Une fois, mon frère (je crois) a eu une sorte d’accident de voiture avec un motard anglais, je ne sais ou. Du coup, pour faire le constat, ils sont tous les deux rentrés jusqu’à chez mes parents, ou mon frère habitait encore à l’époque. Dans mon souvenir, mon frère était très en colère car le mec était un sale con (en tort, du point de vue subjectif de mon frère, il me semble) et du coup dans la famille, tout le monde s’attendait à ce que mon père aille l’engueuler sévèrement, voir lui casser la gueule. 

Et comme nous connaissions tous la puissance de mon père, il y avait, en tout cas en moi, comme une sorte d’excitation à l’idée de voir la démonstration de cette puissance à l’oeuvre quand mon père irait parler à « ce crétin d’anglais »  pour lui montrer c’est qui le chef (en gros).

Alors mon père est sorti de la maison, et nous l’avons suivi peu après, pour « profiter du spectacle ». Et… ils ont discuté. Mon père a cherché à comprendre ce qui était arrivé, et il a dialogué avec ce type, qui s’est rapidement détendu et le problème s’est solutionné facilement.
A la fin, le type a même fait une blague pas drôle (que je n’ai toujours pas comprise) ou il était question de pattes de lièvre.

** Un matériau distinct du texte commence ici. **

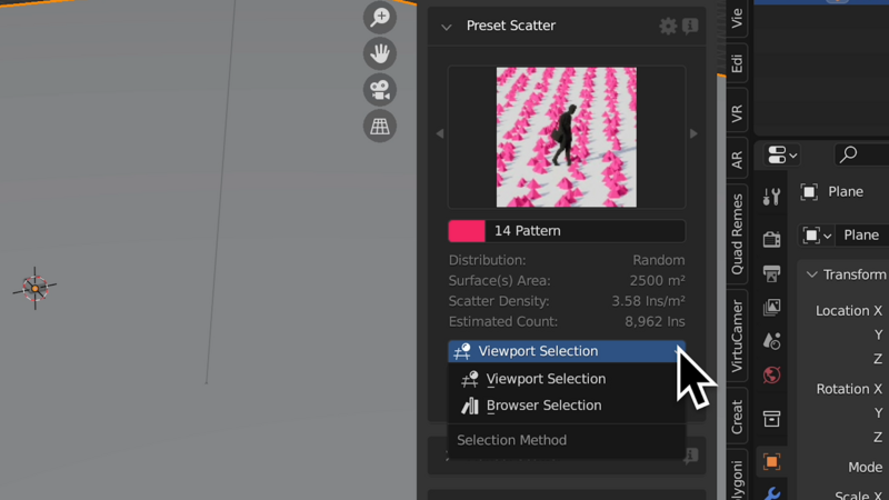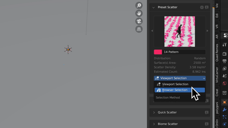 ビューポートのオブジェクトを散布するのか(Viewport Selection)、アセットブラウザーのオブジェクトを散布するのか(Browser Selection)、どちらかを選択します。
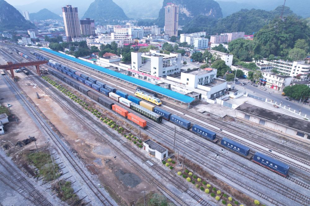 2024年10月17日,在國(guó)門(mén)車(chē)站憑祥站,中越班列列車(chē)整裝待發(fā)。新華社發(fā)
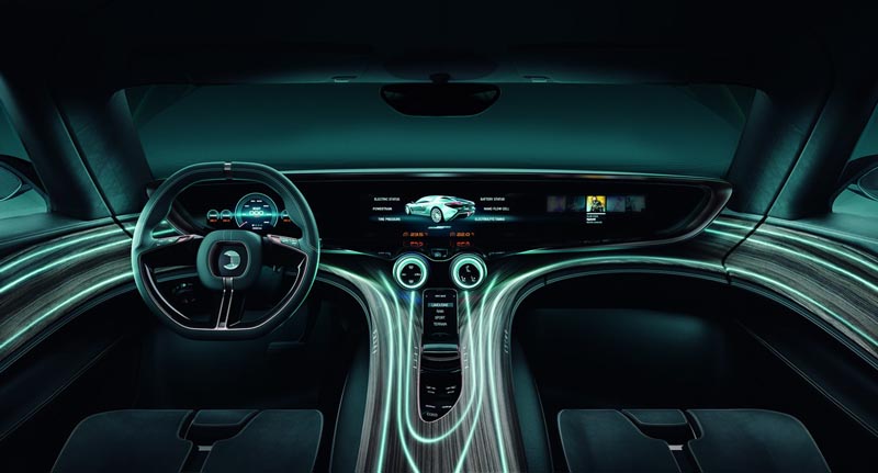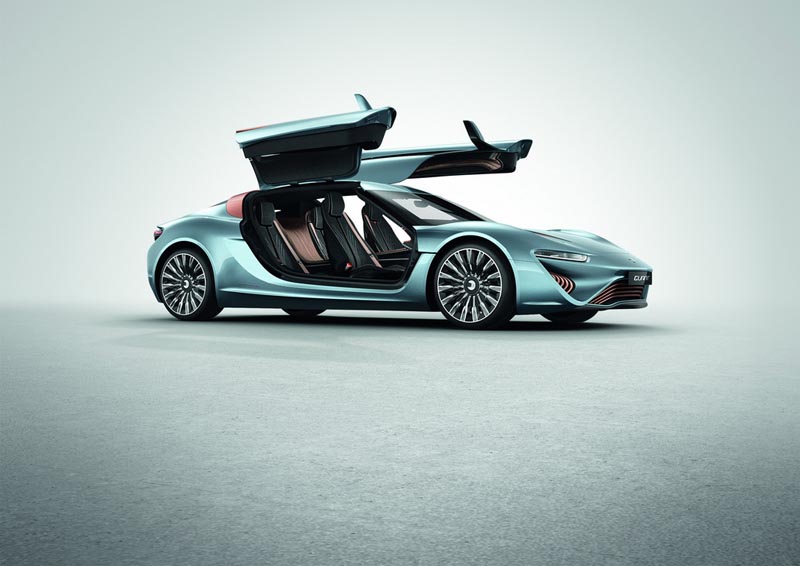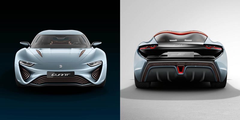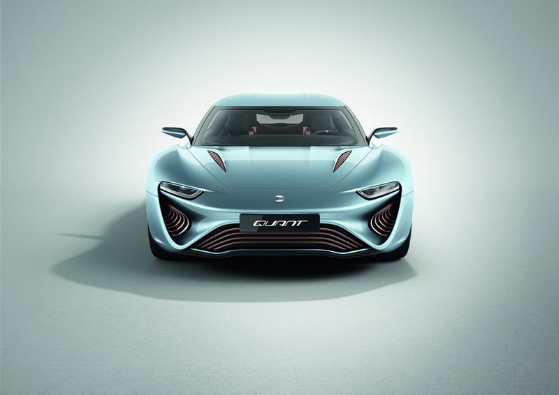 Conceptul se numeşte QUANT e-Sportlimousine şi are un design extrem de atrăgător, cu forme fluide şi un aer sportiv. Conceptul este vopsit într-un albastru „chrystal lake”, aşa cum a fost botezată culoarea, are un parbriz foarte înclinat, un plafon cu două „bule” care coboară spre partea din spate şi o lunetă unică. Modelul mai beneficiază de jante de aliaj de 22 de inch, uşi cu deschidere verticală şi accente de cupru. Interiorul premium este şi el unul foarte reuşit şi vine într-o configuraţie 2+2. Putem regăsi piele, inserţii de lemn şi cupru, dar şi un display masiv de 1.25 metri lăţime şi 16 centimetri înălţime. Elementul care atrage cel mai mult atenţia este însă consola centrală care se continuă pe toată lungimea interiorului.
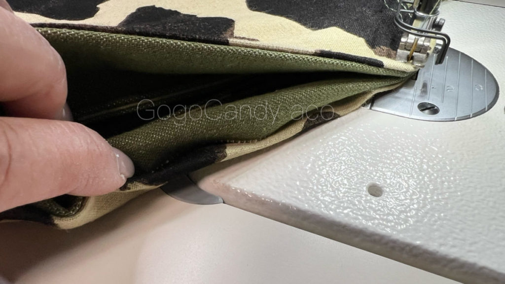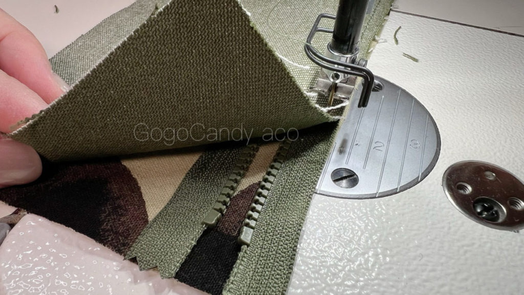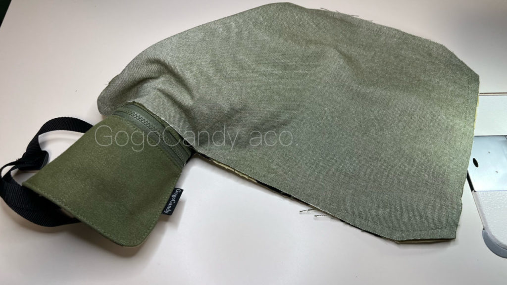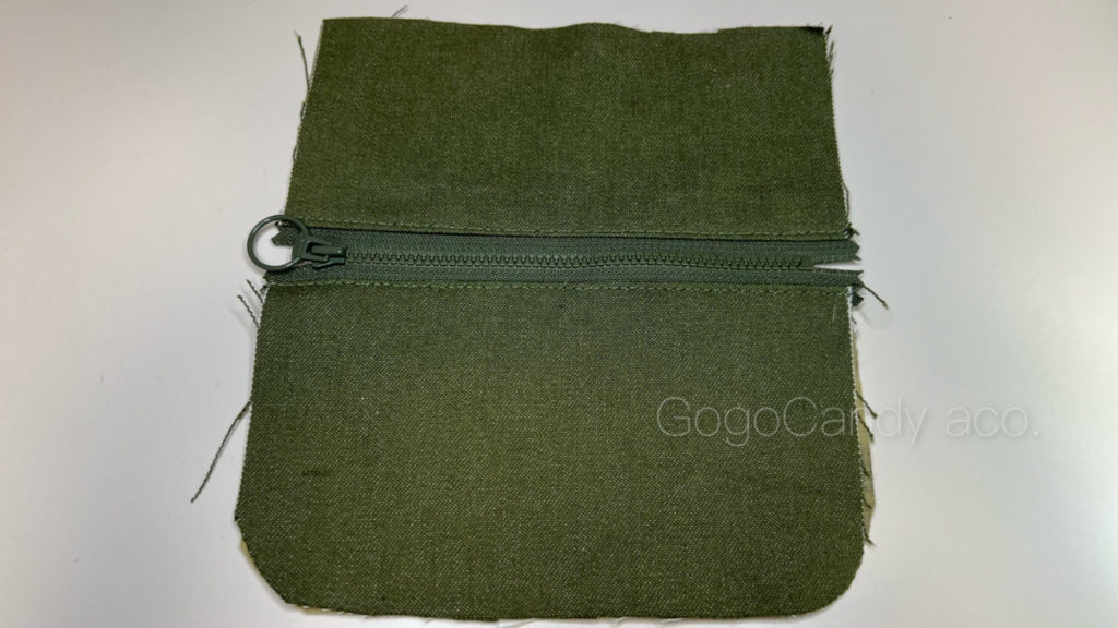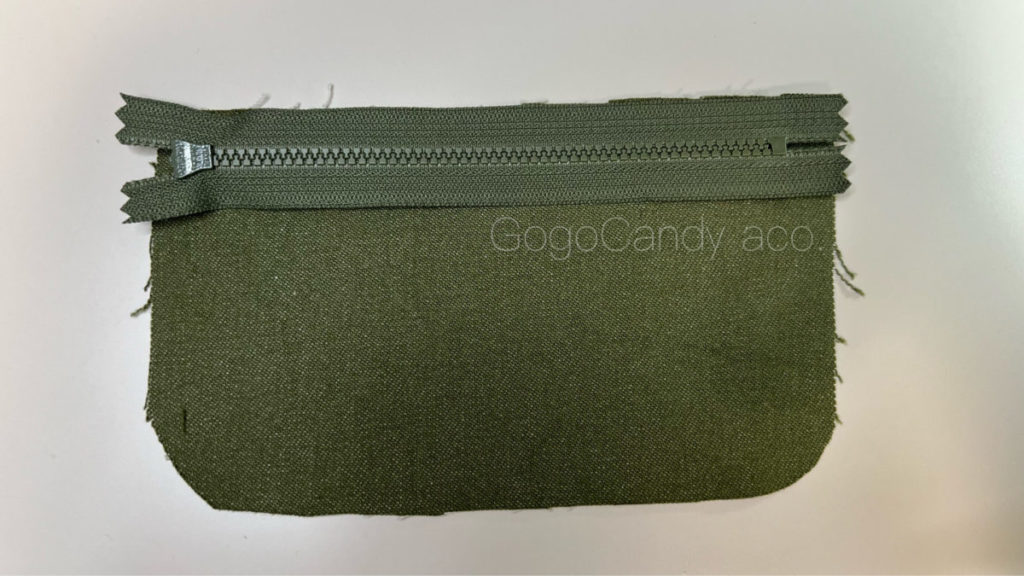 ちょうどよい長さのファスナーがなく、切って使えるコイルファスナーなどを使った場合は、この時点でファスナーが横にはみ出していると思います。

Ensuite, en revenant vers nous, mon père a expliqué que ça ne servait à rien, dans un tel contexte, de faire preuve de violence.
Oui, il aurait pu facilement se montrer violent, défendre mon frère (alors qu’en fait les torts étaient très probablement partagés), cependant, cela aurait été totalement contre productif (antitélie) sur le long terme. Cela aurait crée de nouveaux problèmes supplémentaires sans résoudre les précédents.

Et ca a été une leçon très importante pour moi, ce jour là. Nous étions assoiffés de sang comme pour nous rassurer face à ce qui était perçu comme une menace dangereuse pour la sécurité de la famille. Et la menace à été neutralisée sans la moindre violence. Juste avec du dialogue et de la communication. 

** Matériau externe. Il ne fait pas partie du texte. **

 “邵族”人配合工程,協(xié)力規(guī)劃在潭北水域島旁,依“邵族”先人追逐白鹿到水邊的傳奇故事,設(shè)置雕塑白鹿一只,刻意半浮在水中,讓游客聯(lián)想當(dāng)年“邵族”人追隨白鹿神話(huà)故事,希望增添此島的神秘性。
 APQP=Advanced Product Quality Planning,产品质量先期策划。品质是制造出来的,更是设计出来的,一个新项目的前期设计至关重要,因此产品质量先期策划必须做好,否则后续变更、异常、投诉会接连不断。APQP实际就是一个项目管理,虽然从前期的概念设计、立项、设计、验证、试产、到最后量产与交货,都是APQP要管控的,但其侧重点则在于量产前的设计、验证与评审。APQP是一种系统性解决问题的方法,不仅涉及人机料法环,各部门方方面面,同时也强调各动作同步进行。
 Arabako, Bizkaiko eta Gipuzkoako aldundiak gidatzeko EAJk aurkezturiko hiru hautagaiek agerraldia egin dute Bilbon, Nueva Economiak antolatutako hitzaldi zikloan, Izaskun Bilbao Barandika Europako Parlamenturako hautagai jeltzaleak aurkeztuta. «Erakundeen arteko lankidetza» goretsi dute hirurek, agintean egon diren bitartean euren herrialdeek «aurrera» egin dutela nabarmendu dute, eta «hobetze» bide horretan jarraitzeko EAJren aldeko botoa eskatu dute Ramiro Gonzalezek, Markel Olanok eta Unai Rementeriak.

Ce jour là, mon père a fait quelque chose de beaucoup plus fort que de nous démontrer sa puissance guerrière. Il nous a montré qu’il pouvait être plus puissant encore qu’un guerrier, il pouvait être un sage. 

 

La lame restera dans la poche du pantalon

Une fois, quand j’étais au collège, j’avais mal parlé à une gamine qui était amie avec ma petite sœur (trois ans de moins que moi), et elle en avait parlé à son grand frère (de mon âge). En conséquence, je me suis mis toute la bande d’amis de son grand frère à dos, soit 4 ou 5 personnes (dont deux avec lesquelles j’avais déjà un passif, puisqu’elles s’était déjà mises à deux sur moi à la fin de l’école primaire.)

Une après midi, cette fille est venue me voir chez mes parents et m’a dit que son frère voulait me voir chez lui avec ses amis pour s’expliquer avec moi sur ce que j’avais dit. En gros, il voulait me péter la gueule. 

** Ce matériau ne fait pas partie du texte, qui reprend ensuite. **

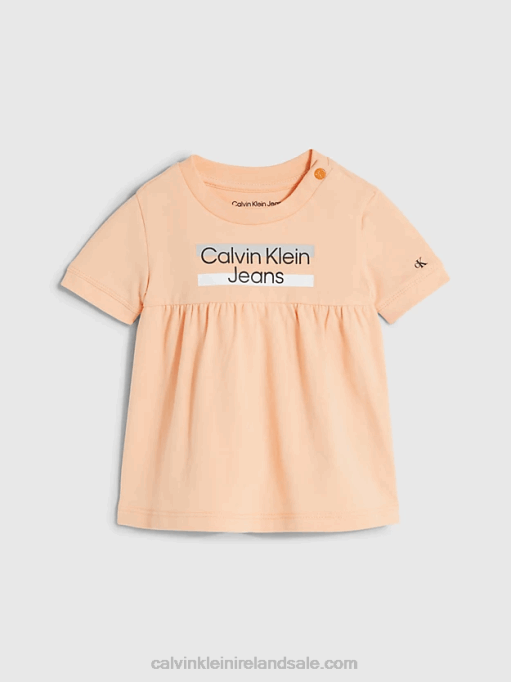 F64Z6498 Fresh Cantaloupe Kids Calvin Klein Organic Cotton Logo Sweatshirt
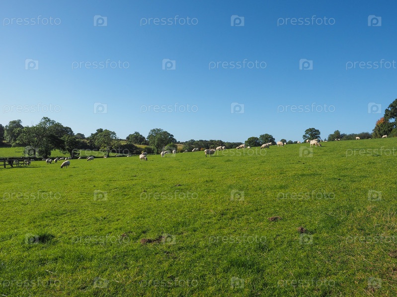 Стадо овец на холме, Уорикшир, Великобритания
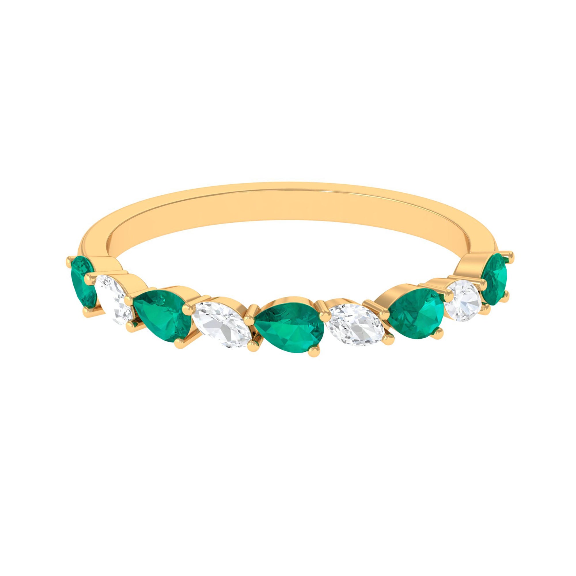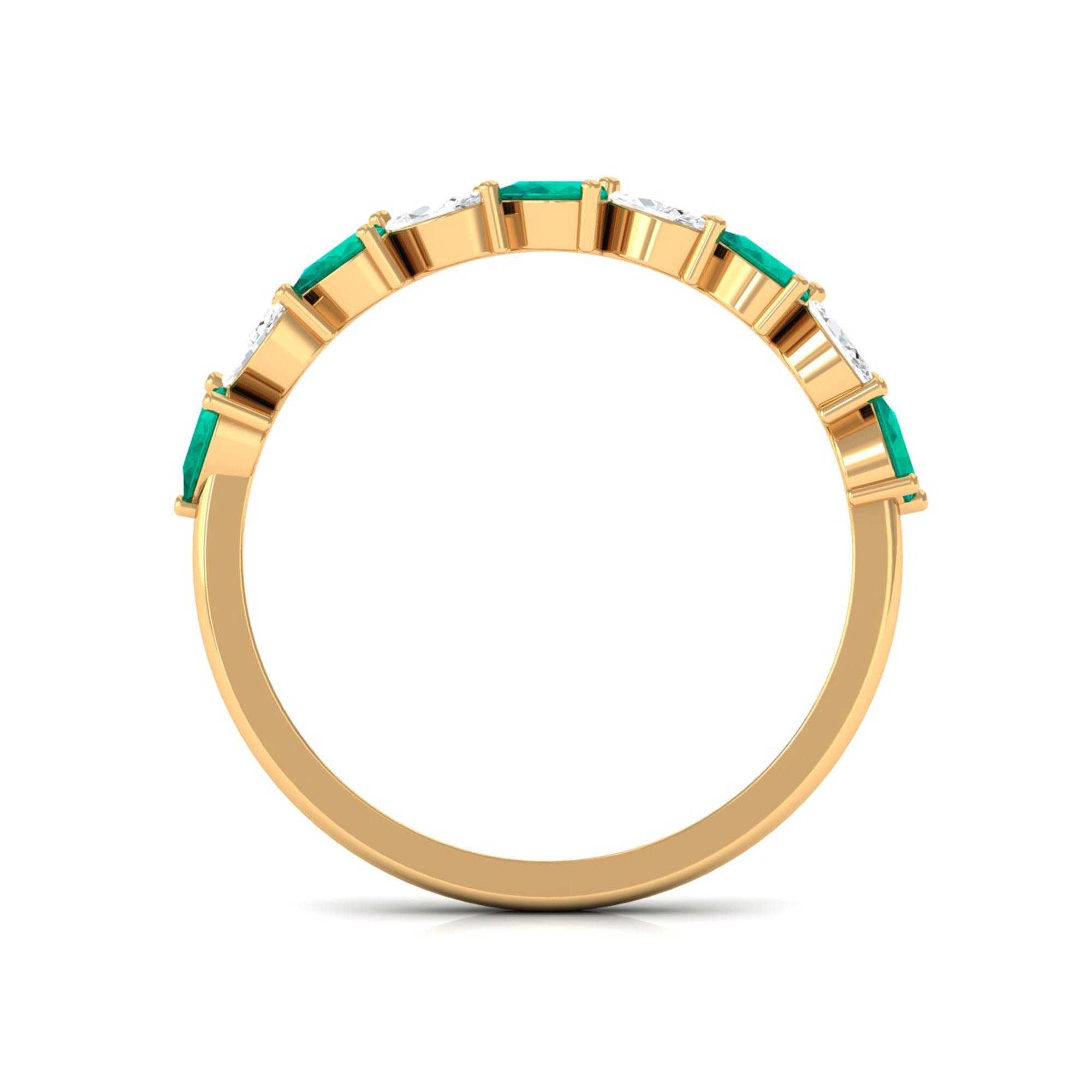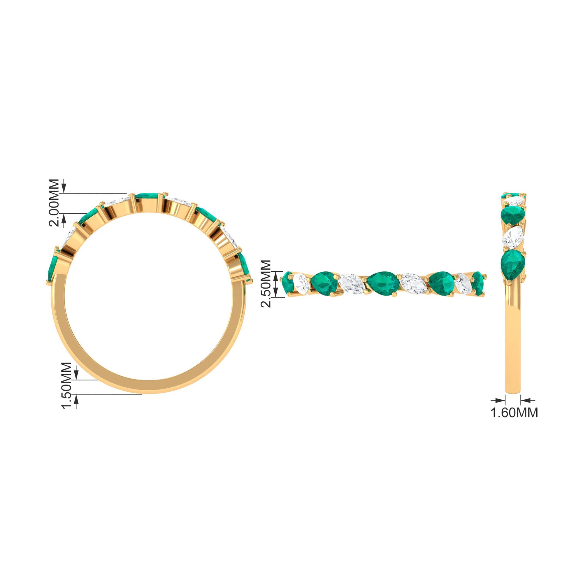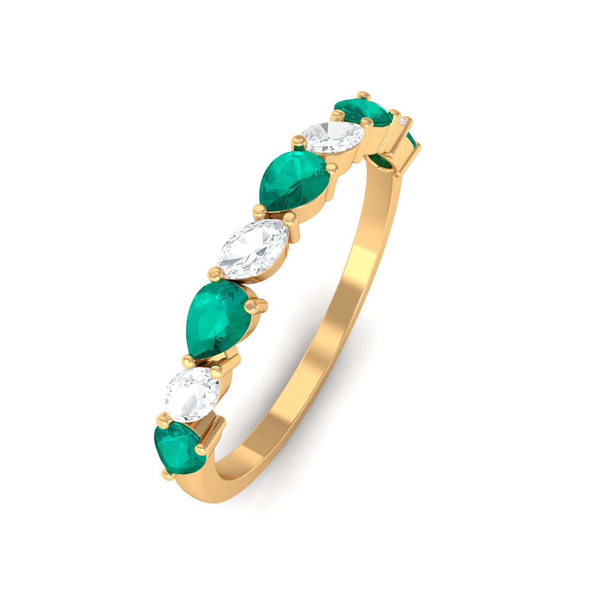 Embrace a love as rare and sparkling as this Half Eternity Ring, a true celebration of passion and elegance. Designed in an East-West style, this Fine Ring captures the perfect harmony between lush green and the brilliance of eternal light. Alternately placed in Prong Setting, the Pear Shape Emerald stones of AAA Quality glimmer with a deep green hue, that symbolizes growth, renewal and heartfelt devotion, while the Marquise Shape Moissanite stones of D-VS1 Quality reflect every spark of your love story. Ideal for an anniversary, milestone or romantic surprise, this Emerald Moissanite Ring is a statement piece she will treasure for lifetime. Thoughtfully presented in a signature jewelry box and available in various ring sizes, this East West Ring is ready to gift and ready to become a symbol of love that never stops glowing.

J’ai donc commencé à me préparer pour y aller, en m’habillant avec des vêtements facilitant les mouvements et en prenant un couteau pliable dans le tiroir de la cuisine au cas ou j’en aurais besoin sur place (ne serais-ce que pour intimider)

Ma mère, qui m’a vu prendre le couteau dans la cuisine, et qui avait du entendre la conversation avec l’amie de ma sœur, a décidé de me suivre en vélo tandis-ce que j’allais affronter mon destin, retrouver cette bande d’ados. (diantre, quelle tension dramatique !)

En arrivant devant la maison, ils sont tous sortis. Cependant, ils n’avaient pas prévus que ma mère serait à côté de moi, alors ils sont restés un peu plantés comme des cons. L’un d’eux à commencé à énoncé les crimes dont j’étais accusé, suite à quoi ma mère lui a répondu a ma place, tandis que je restais silencieux à observer la scène.

Et c’est alors qu’un dialogue s’est instauré entre eux et ma mère qui invitait à prendre de la hauteur sur ce qui s’était passé et la disproportion de la réaction de part et d’autres. 

Et la chose s’est résolue naturellement comme ça, juste avec un dialogue de quelques minutes. Parce que ma mère m’a accompagné pour parler avec eux, pour faire face et communiquer. Dénouer le conflit.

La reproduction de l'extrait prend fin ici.